PROBLEM TO SOLVE — Leaving out the images, return the data below exactly as it is written.

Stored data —
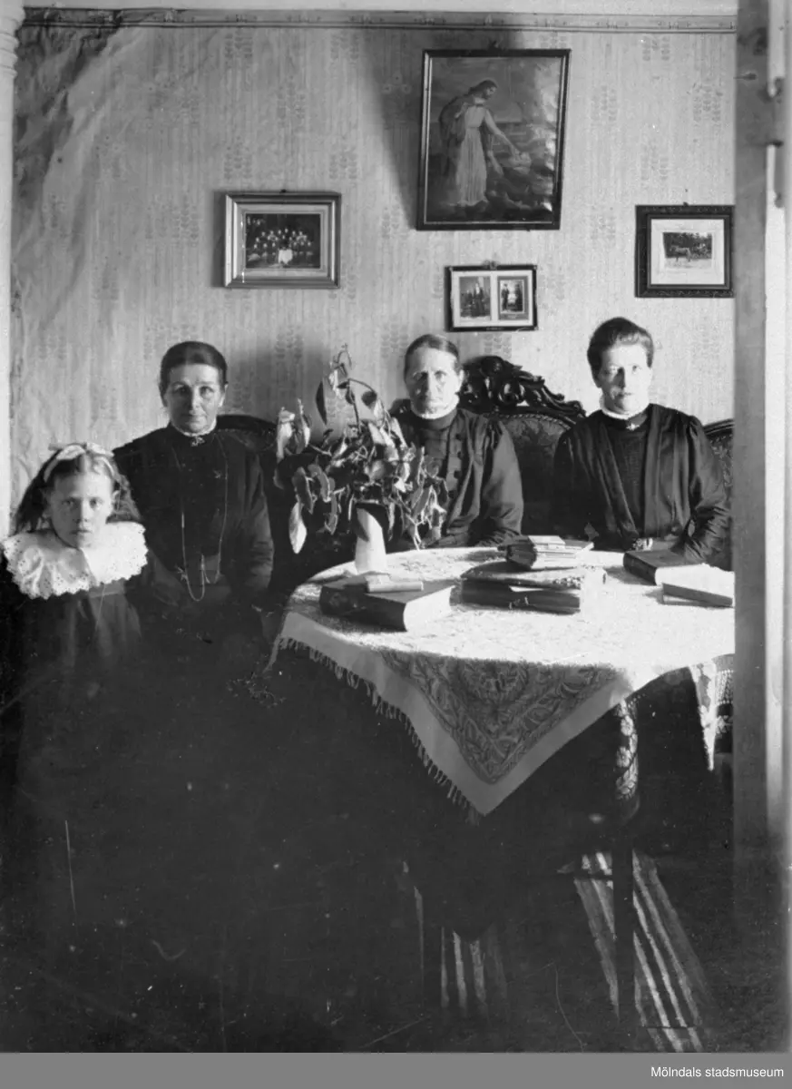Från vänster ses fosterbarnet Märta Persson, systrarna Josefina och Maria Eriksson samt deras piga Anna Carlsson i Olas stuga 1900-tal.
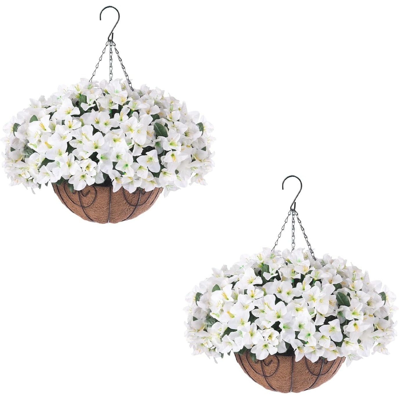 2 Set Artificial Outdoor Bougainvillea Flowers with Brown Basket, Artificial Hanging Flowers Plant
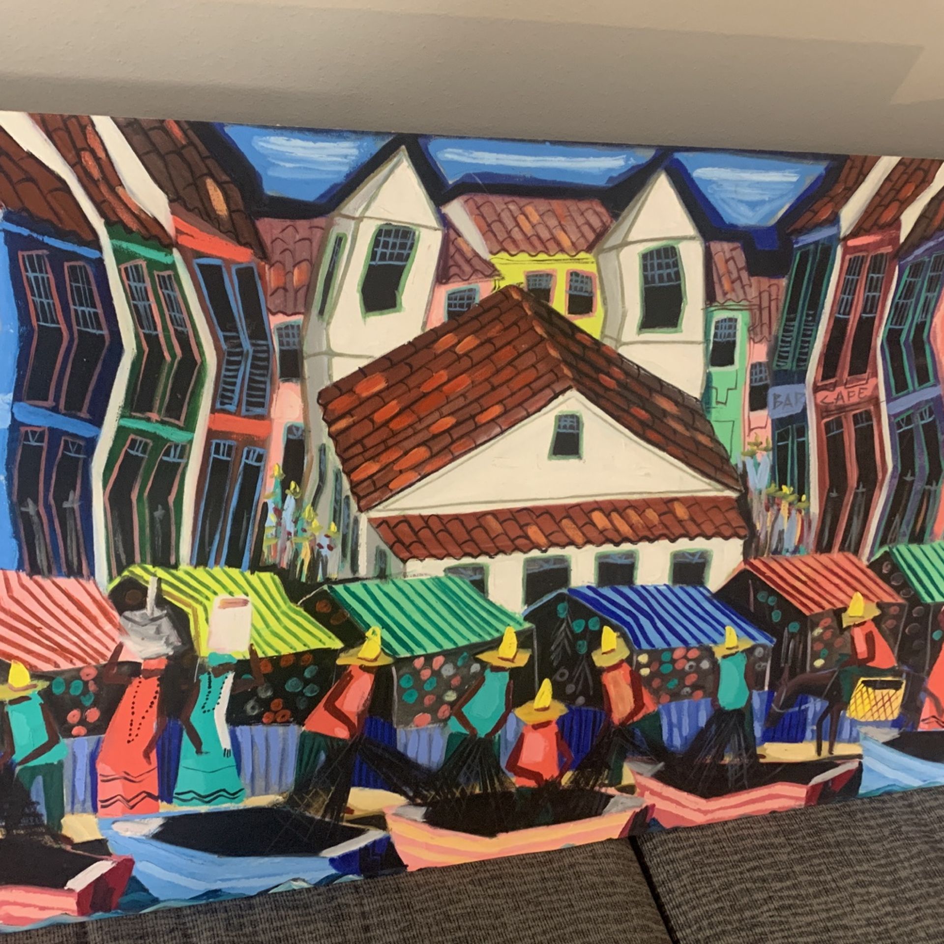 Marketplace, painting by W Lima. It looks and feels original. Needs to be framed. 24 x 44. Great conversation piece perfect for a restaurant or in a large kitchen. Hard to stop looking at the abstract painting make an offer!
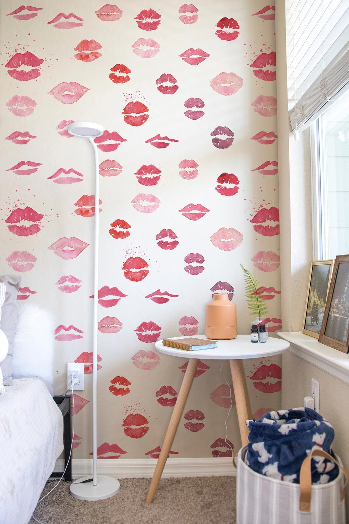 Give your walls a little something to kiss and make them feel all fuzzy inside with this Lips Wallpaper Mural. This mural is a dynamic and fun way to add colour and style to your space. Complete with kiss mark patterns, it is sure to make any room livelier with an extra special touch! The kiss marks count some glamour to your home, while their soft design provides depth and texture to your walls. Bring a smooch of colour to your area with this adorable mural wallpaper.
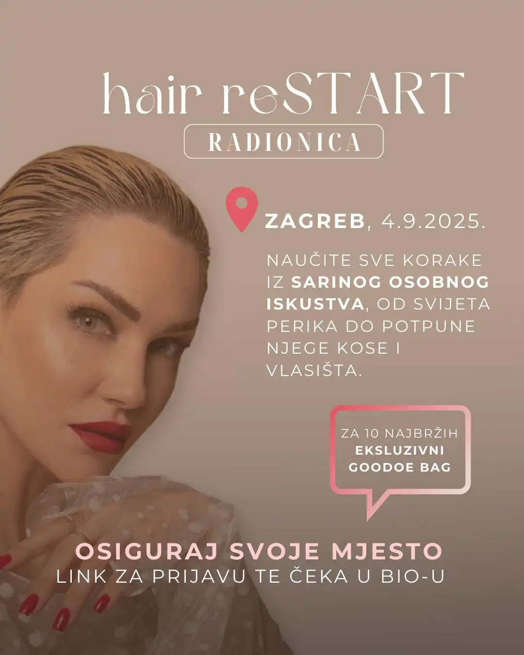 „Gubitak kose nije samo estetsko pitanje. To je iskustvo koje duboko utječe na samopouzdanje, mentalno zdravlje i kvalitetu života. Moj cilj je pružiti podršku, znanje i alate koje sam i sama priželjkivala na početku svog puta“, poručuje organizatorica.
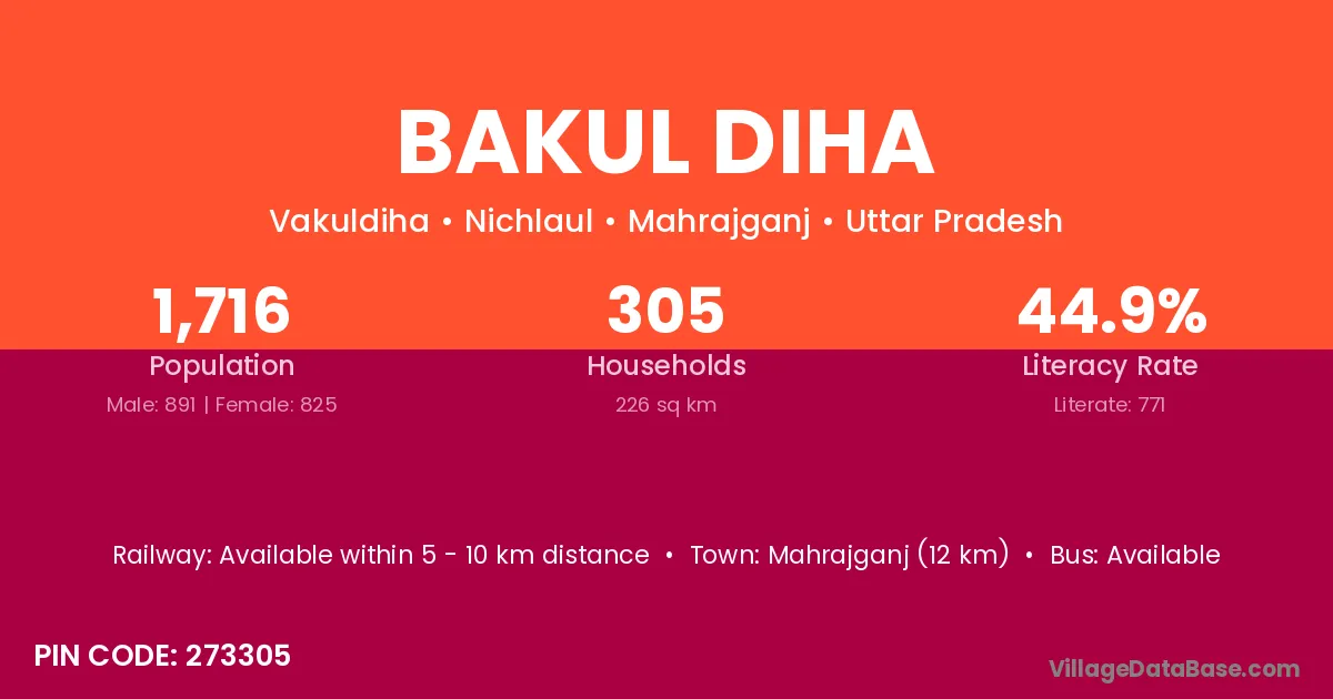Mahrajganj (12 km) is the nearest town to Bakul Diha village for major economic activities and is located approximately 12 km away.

FINISHED TASK —
Från vänster ses fosterbarnet Märta Persson, systrarna Josefina och Maria Eriksson samt deras piga Anna Carlsson i Olas stuga 1900-tal.
 2 Set Artificial Outdoor Bougainvillea Flowers with Brown Basket, Artificial Hanging Flowers Plant
 Marketplace, painting by W Lima. It looks and feels original. Needs to be framed. 24 x 44. Great conversation piece perfect for a restaurant or in a large kitchen. Hard to stop looking at the abstract painting make an offer!
 Give your walls a little something to kiss and make them feel all fuzzy inside with this Lips Wallpaper Mural. This mural is a dynamic and fun way to add colour and style to your space. Complete with kiss mark patterns, it is sure to make any room livelier with an extra special touch! The kiss marks count some glamour to your home, while their soft design provides depth and texture to your walls. Bring a smooch of colour to your area with this adorable mural wallpaper.
 „Gubitak kose nije samo estetsko pitanje. To je iskustvo koje duboko utječe na samopouzdanje, mentalno zdravlje i kvalitetu života. Moj cilj je pružiti podršku, znanje i alate koje sam i sama priželjkivala na početku svog puta“, poručuje organizatorica.
Mahrajganj (12 km) is the nearest town to Bakul Diha village for major economic activities and is located approximately 12 km away.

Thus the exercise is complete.